Based on this, it seems as if he doesn’t have much of a future in the cruiserweight division or probably even in boxing. At some point, his German promoters are going to have to consider cutting their losses and letting him go if he doesn’t start to show some improvement.

In super middleweight action, EBU (European) super middleweight champion Karo Murat (19-0, 12 KOs) put in another disappointing performance in taking out Italian Cristian Sanavia (40-5-1, 12 KOs) in the 10th round. Murat, 25, hurt Sanavia with a right hand in the 9th and was scoring well with hard combinations to the head and body late in the round.

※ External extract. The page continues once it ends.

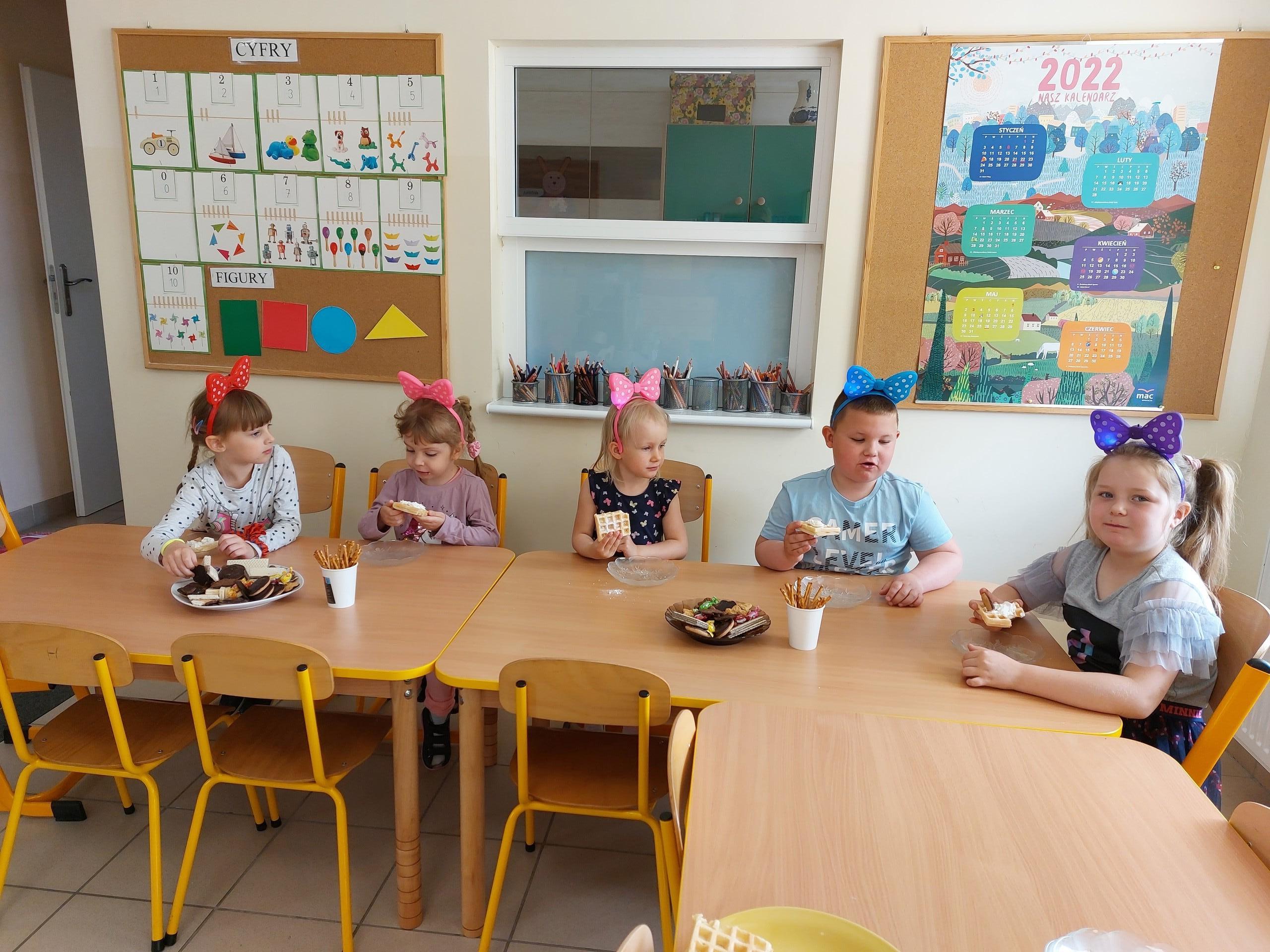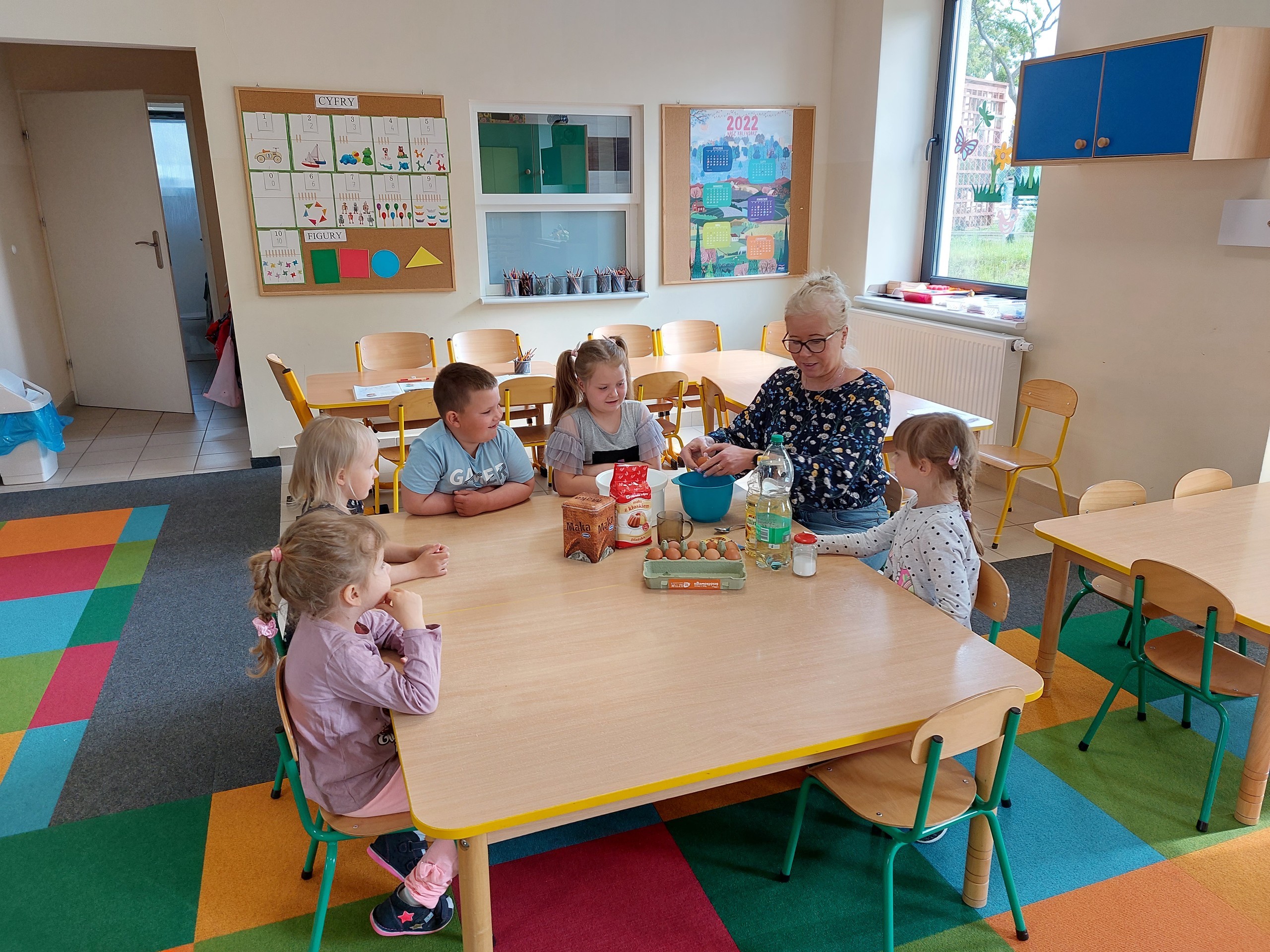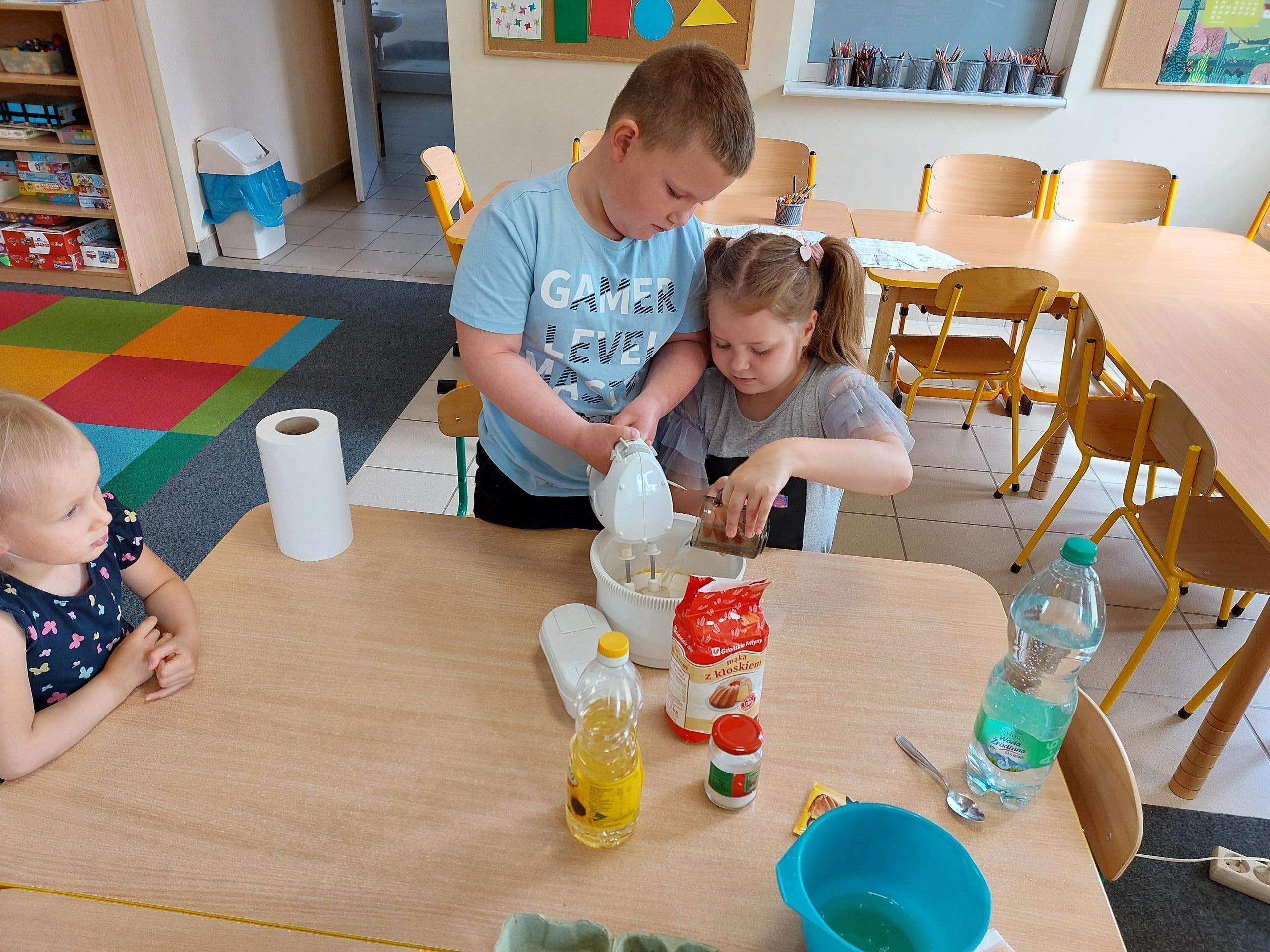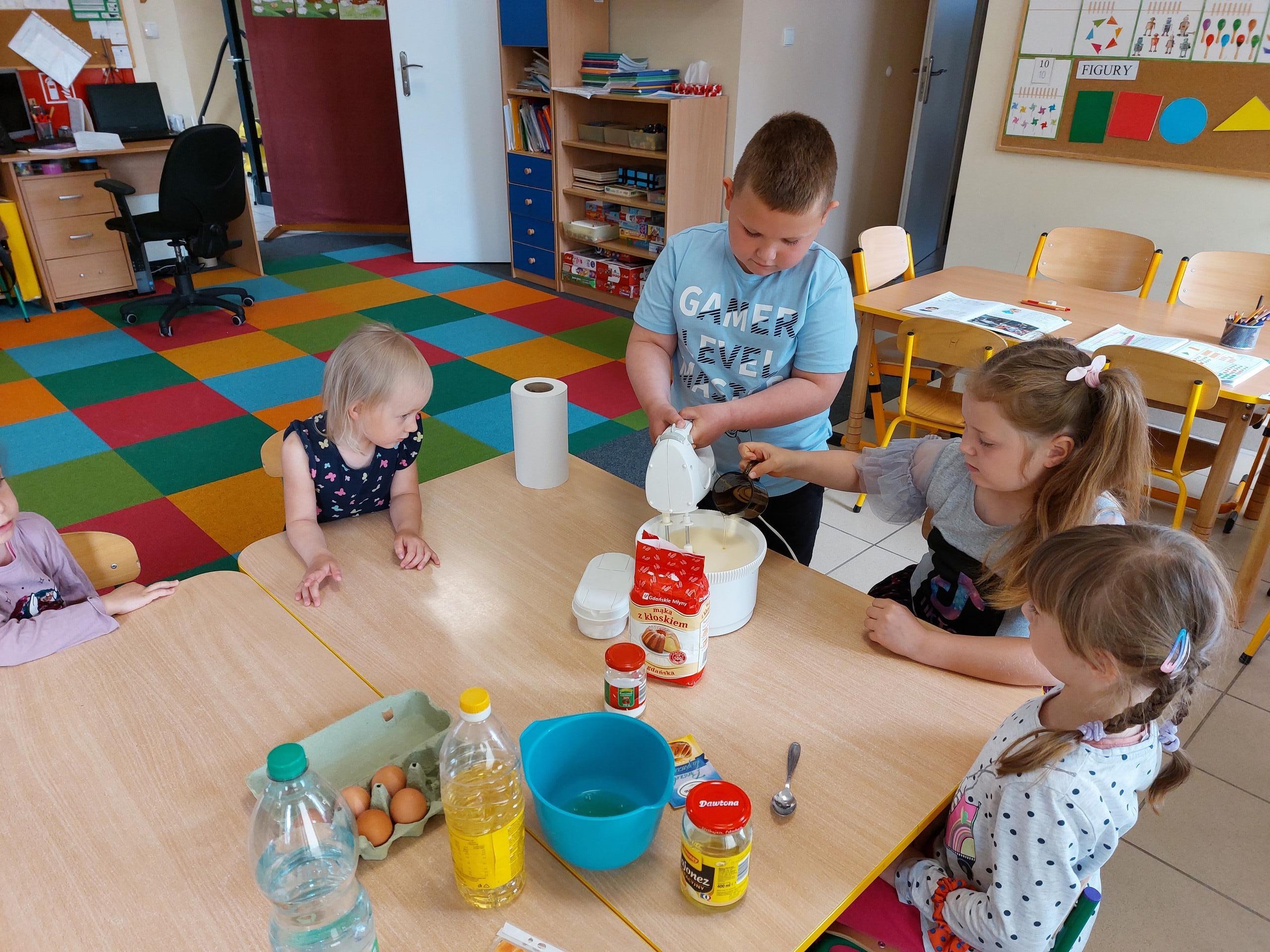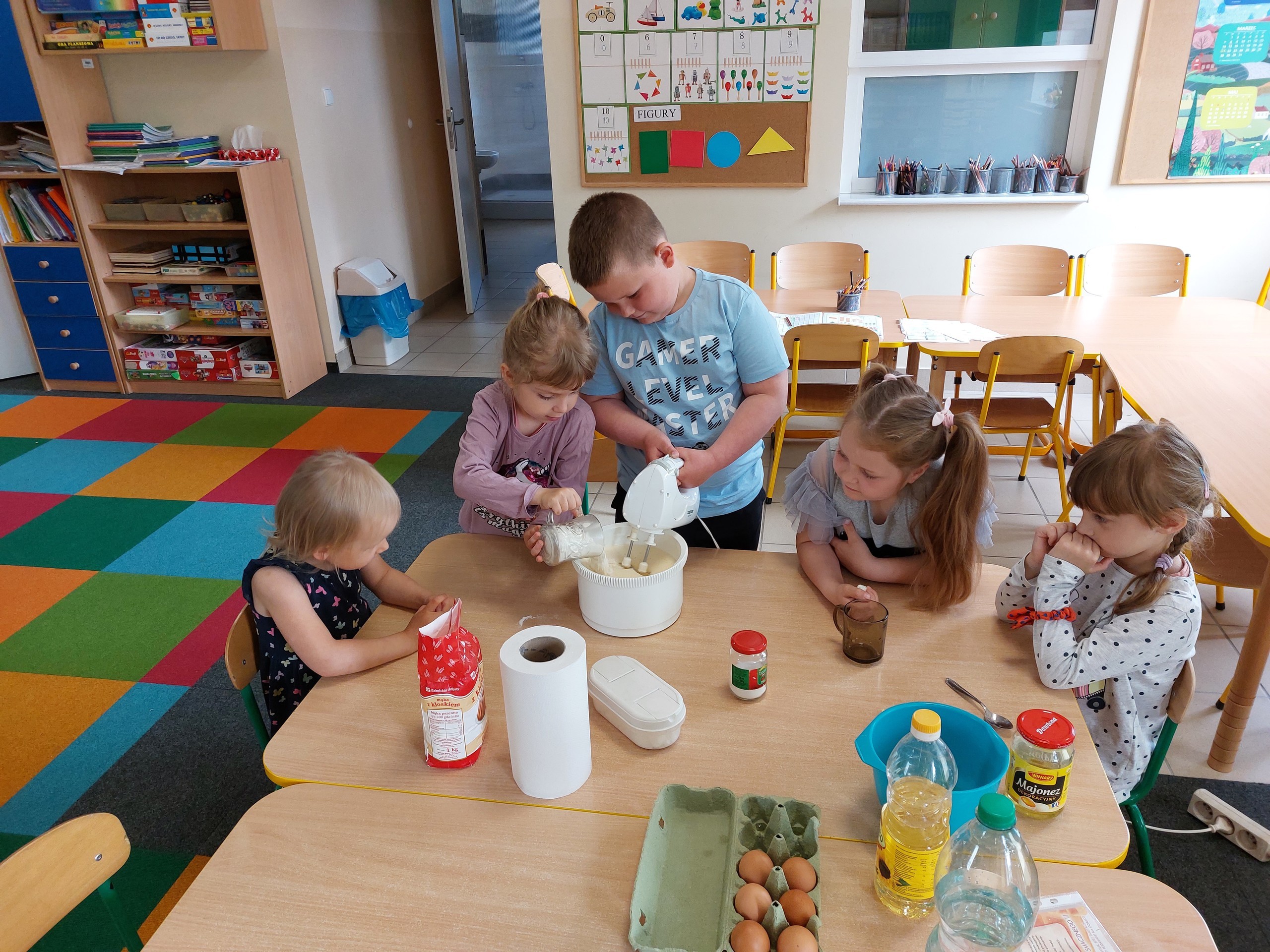 Z okazji Dnia Dziecka zorganizowaliśmy w przedszkolu gofry. Wspólnie przygotowaliśmy ciasto, po czym dzieci wybrały dodatki i samodzielnie udekorowały owocami.

After the round ended, Sanavia indicated that he didn’t want to continue and after a little commotion at the start of the 10th, the fight was stopped. Murat, ranked @4 in the WBA, #10 in the WBO and #11 in the WBC super middleweight division, looked very average in grinding out the victory and hardly the stuff of a future champion.

Although he looked good at times when throwing body shots, he was unable to put combinations together for any length of time without tiring out quickly. Indeed, he seemed to be trying to conserve his strength much of the time by limiting his punches to single shots in rounds on though eight. When he would throw a few shots consecutively, the effort seemed to drain Murat’s energy like a battery being discharged.

As such, he seemed content to plod after Sanavia throwing one punch at a time and getting hit quite a lot in return by the limited Italian. Murat had fought a close fight with Sanavia early last year in April, beating him by a close 12-round decision. Though this time Murat looked a little better, he still was hit far too much by the 34-year-old Sanavia, who looked much older than his chronological age.

In the 9th round, with the fight well in control, Murat finally stepped it up and let loose with some combinations for a change and succeeded in hurting Sanavia with a right to the head. After the round ended, Sanavia staggered back to his corner and looked like he was too hurt to continue.

Murat needs a lot of work starting with his poor stamina if he hopes to have a chance at challenging for one of the major titles. Given how he’s looked in his past four fights, I wouldn’t give him a chance of beating any of the super middleweight champions – Carl Froch, Karoly Balzsay, Mikkel Kessler or Lucian Bute.

If Murat has any hopes of ever winning a title, he might want to move down to the middleweight division where he might be able to go a little farther with his powerful body punching. At super middleweight, I don’t see him winning a title in this lifetime based on his limited talent.